釈然としない様子でありながら、エイルの勢いに押され気がつけば頷き謝罪までしてしまっていた。

そしてエイルは加速する。


「では次の問題ッス!複数の答えが認められる難度の低い問題、所謂(いわゆる)ボーナス問題ッスね。えー・・・ンフッ!・・・ある探索士が───」


「のう、今あのメイド笑ったように見えたんじゃが?」


「失礼な!なんてこと言うんスか!!」


「あ、う、うむ・・・気の所為じゃったか・・・」


こうして口を挟めば何故か怒られてしまう始末である。

とはいえエイルもきっと、自分のために心を鬼にしてこの反省会を行ってくれているのだろうと思い直すことで、ユエは言葉を飲み込んだ。


「まったく───ある駆け出しの探索士Aが歪園内を探索中・・・ンフッ!・・・獣の足跡を発見した。その足跡から・・・小型の獣の、足跡、だろうと、判断し、歪園の奥へと、進む・・・ことにした」


「・・・」


肩を震わせ俯きながら、途切れ途切れの言葉で問題文を読み上げるエイルに対してじっとりと疑いの目を向けるユエ。
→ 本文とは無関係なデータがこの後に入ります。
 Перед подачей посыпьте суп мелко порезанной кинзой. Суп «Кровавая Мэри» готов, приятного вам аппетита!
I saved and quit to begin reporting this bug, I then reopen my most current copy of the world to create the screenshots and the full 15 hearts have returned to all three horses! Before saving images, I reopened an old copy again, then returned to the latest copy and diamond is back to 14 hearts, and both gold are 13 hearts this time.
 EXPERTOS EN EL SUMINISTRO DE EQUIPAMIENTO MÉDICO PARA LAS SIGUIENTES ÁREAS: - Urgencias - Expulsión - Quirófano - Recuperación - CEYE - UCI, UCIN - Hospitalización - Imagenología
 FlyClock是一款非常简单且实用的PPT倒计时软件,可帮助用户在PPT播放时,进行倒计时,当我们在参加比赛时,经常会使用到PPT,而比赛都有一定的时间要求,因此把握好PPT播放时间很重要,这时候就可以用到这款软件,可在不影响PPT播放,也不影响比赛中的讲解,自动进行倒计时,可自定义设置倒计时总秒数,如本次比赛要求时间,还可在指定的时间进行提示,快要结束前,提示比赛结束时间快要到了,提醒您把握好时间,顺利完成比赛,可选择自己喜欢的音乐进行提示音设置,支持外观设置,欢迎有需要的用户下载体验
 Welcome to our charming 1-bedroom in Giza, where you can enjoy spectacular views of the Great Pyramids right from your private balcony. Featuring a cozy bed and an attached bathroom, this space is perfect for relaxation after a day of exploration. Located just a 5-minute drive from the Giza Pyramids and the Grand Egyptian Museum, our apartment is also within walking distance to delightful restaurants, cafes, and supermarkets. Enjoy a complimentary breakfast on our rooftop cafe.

「そして進んだ先で、手に負えないような大型の獣と遭遇して、しま・・・しまった・・・ンフッ!では・・・この、駆け出し探索者の・・・行動を顧みて、悪かった部分を・・・フゴッ!・・・さ、三文字で答えなさい」


「・・・今あのメイド豚鼻まで出とったよな?」


振り返りアザトさんとソルへ同意を求めてみるが、アザトさんは自分は関係ないとでもいわんばかりに顔を背け、ソルはいつものようにニコニコとしているだけである。
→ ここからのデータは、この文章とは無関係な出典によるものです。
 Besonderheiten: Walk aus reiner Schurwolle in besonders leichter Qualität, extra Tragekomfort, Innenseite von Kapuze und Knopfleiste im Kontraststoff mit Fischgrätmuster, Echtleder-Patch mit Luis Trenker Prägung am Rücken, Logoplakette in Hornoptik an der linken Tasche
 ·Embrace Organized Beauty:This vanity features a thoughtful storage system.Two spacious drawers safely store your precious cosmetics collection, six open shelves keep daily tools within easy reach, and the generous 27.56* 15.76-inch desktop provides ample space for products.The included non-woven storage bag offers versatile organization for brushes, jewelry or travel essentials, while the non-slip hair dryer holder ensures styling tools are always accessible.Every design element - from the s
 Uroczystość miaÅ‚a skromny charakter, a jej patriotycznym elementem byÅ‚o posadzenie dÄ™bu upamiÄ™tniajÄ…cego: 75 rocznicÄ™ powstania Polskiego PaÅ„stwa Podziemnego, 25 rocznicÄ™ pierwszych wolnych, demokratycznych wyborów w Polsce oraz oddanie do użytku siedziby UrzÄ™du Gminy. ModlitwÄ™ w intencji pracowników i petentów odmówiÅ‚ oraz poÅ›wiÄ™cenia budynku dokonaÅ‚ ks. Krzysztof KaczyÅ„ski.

「静かにするッス!従者の私が!姉様(あねさま)にそんな失礼な真似!する筈無いッス!私をなんだと思ってるッスか!」


「・・・」


「続けるッス。えー・・・正解は"洞察力"とか"観察力"みたいな感じッスね。"○○力"にすると大体は正解ッス・・・では、姉様(あねさま)の、回答が・・・こちらッス」


そう言って震えながら、どうにかフリップをめくるエイル。


「"頭と目"───ブフッ!!アハハハハハハハハハハハ!!」


「笑うたな駄犬がァ!!そこを動くなよォ!!」


「頭と目!!ぐうッ・・・ぶ、部位の話じゃないんスけど!!ていうか"と"ってなんスか!!三文字ってそういうことじゃないんスけど!!あははははは!!!」


「吐いた唾は飲めんぞ貴様ァ!!」


こうして人気のない探索士協会の中、二人の追いかけっこが始まった。

速度には自信のあるエイルだが、ユエが相手では分が悪いと悟ったのか、ついには協会の外へと逃げてゆく。エイルの阿呆のような笑い声と、それを負うユエの怒声が徐々に遠く聞こえ、後に残されたのは未だ楽しそうにしているソルと、白目のアザトさんだけであった。


「あれ、放っておいていいんですか・・・?」


「ふふ、大丈夫ですよ・・・ふふふ、これはまた姉帳が厚くなりますね・・・」


そうしてその後二人が戻るまで、残されたソルは熱心に何かを書き綴り続けていたのだった。